RMIT School of Accounting
- Former names: Department of Commerce, School of Accountancy
- Type: Business school
- Established: 1943
- Affiliation: RMIT University
- Dean: Garry Carnegie
- Location: Melbourne, Victoria, Australia
- Website: School of Accounting

= RMIT School of Accounting =

The RMIT School of Accounting is an Australian university business school located in Melbourne, Victoria, which is responsible for undergraduate and postgraduate education and research in accounting at RMIT University. The School was established in 1943 and its name was changed to the School of Accountancy (later Accounting) in 1948.

== History ==
The first accountancy classes at RMIT were taught by A. G. Robinson, an accountant in private practice, who had conducted evening classes at his offices since the early 1930s to prepare students for the examinations of the various accountancy institutes of the time (predecessors to the Australian Society of Accountants; now CPA Australia). In 1934, Robinson approached the President of the Melbourne Technical College (as RMIT was then known), Frank Ellis, to transfer his existing classes to the college. Robinson began teaching classes at the college in March 1935 and by the end of 1936 had graduated over 40 qualified accountants.
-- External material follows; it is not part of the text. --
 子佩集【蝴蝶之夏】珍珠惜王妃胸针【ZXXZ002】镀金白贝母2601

Following an objection to this arrangement by the Victorian Department of Education in 1941, E. J. Edwards was then placed in charge of teaching accountancy at the college. Edwards established a Department of Commerce in 1943, which was advertising classes in managerial and industrial organisation and accountancy by September that year. A four-year diploma course in accountancy was developed in 1944, which admitted graduates to the Commonwealth Institute of Accountants, and was administered by the college and the institute. The department's name was changed to the School of Accountancy in 1948 due to the majority of it studies being in that field.
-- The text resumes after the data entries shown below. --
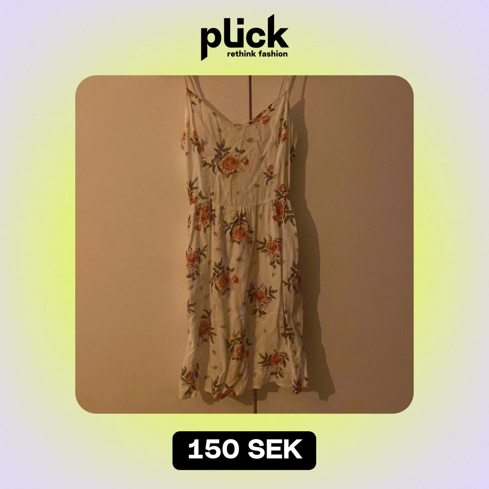 söt blommig klänning från HM i storlek XS🫶🏻. har en closeup på mönstret på tredje sliden! den har justerbara axelband. skriv om du har frågor❤️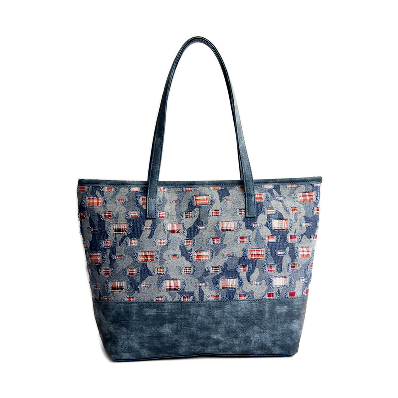 新款女包帆布包牛仔布拼接單肩包韓版簡約大包包休閑手提包潮
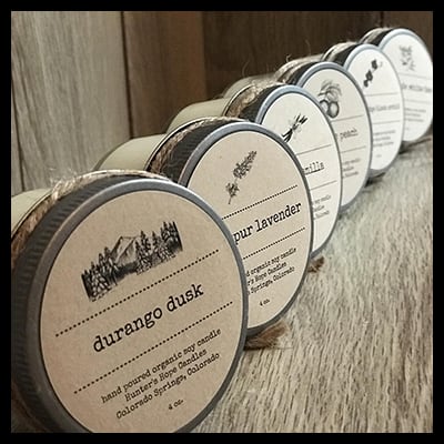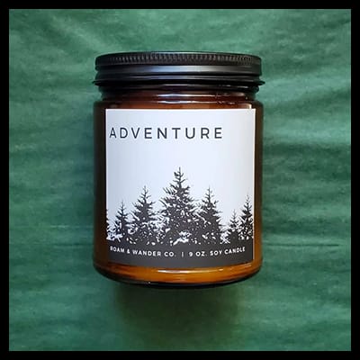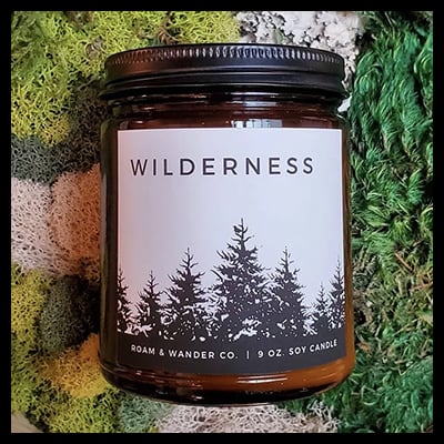 Roam + Wander Co's soy candles are hand poured in Colorado Springs, and have no additives, no blends, pure 100% soy wax. Minimal and modern outdoorsy style with a warm amber toned glass jar, black metal lid, and a simple attractive label featuring the silhouette of evergreen trees, and the scents are highly concentrated to fill your home.

During this time the department grew rapidly and, by 1948, had an enrolment of 1525 students in its accountancy diploma as well as its preparatory classes for the examinations of the Bankers' Institute of Australasia, Chartered Institute of Secretaries, Companies Auditors' Board and Municipal Auditors' Board. In 1952, the various accountancy institutes of the time, including the Commonwealth Institute of Accountants, amalgamated to form the Australian Society of Accountants and introduced a new joint examiner's board at the School which later served as a model for other schools in Victoria as well as other states of Australia.
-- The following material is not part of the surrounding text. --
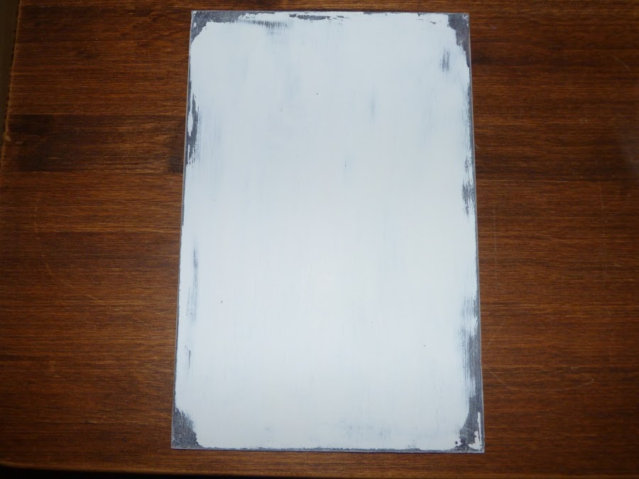 Primero, preparé la tabla, pintándola con chalk paint blanca y haciéndole un decapado bastante marcado en los bordes:

In 1950, the School was approached by the Real Estate and Stock Institute of Victoria (now REIV) to develop a certificate course in real estate management and valuation and, by 1954, nearly all training for land valuers in Victoria was being conducted by the School. In 1954, the School was approached by the Institute of Public Administration to develop a certificate course in public administration which was later expanded to a diploma in 1956. Both of these courses would later break away from the School of Accounting to form the predecessors to RMIT's School of Global, Urban and Social Studies and School of Property, Construction and Project Management.

== Courses and programs ==
RMIT began to accredit its own courses in the School of Accounting after the Australian Society of Accountants abandoned its policy of staged examination, in favour of admitting graduates from appropriate degrees and diplomas, in the 1960s—like other professional societies of the time in Australia.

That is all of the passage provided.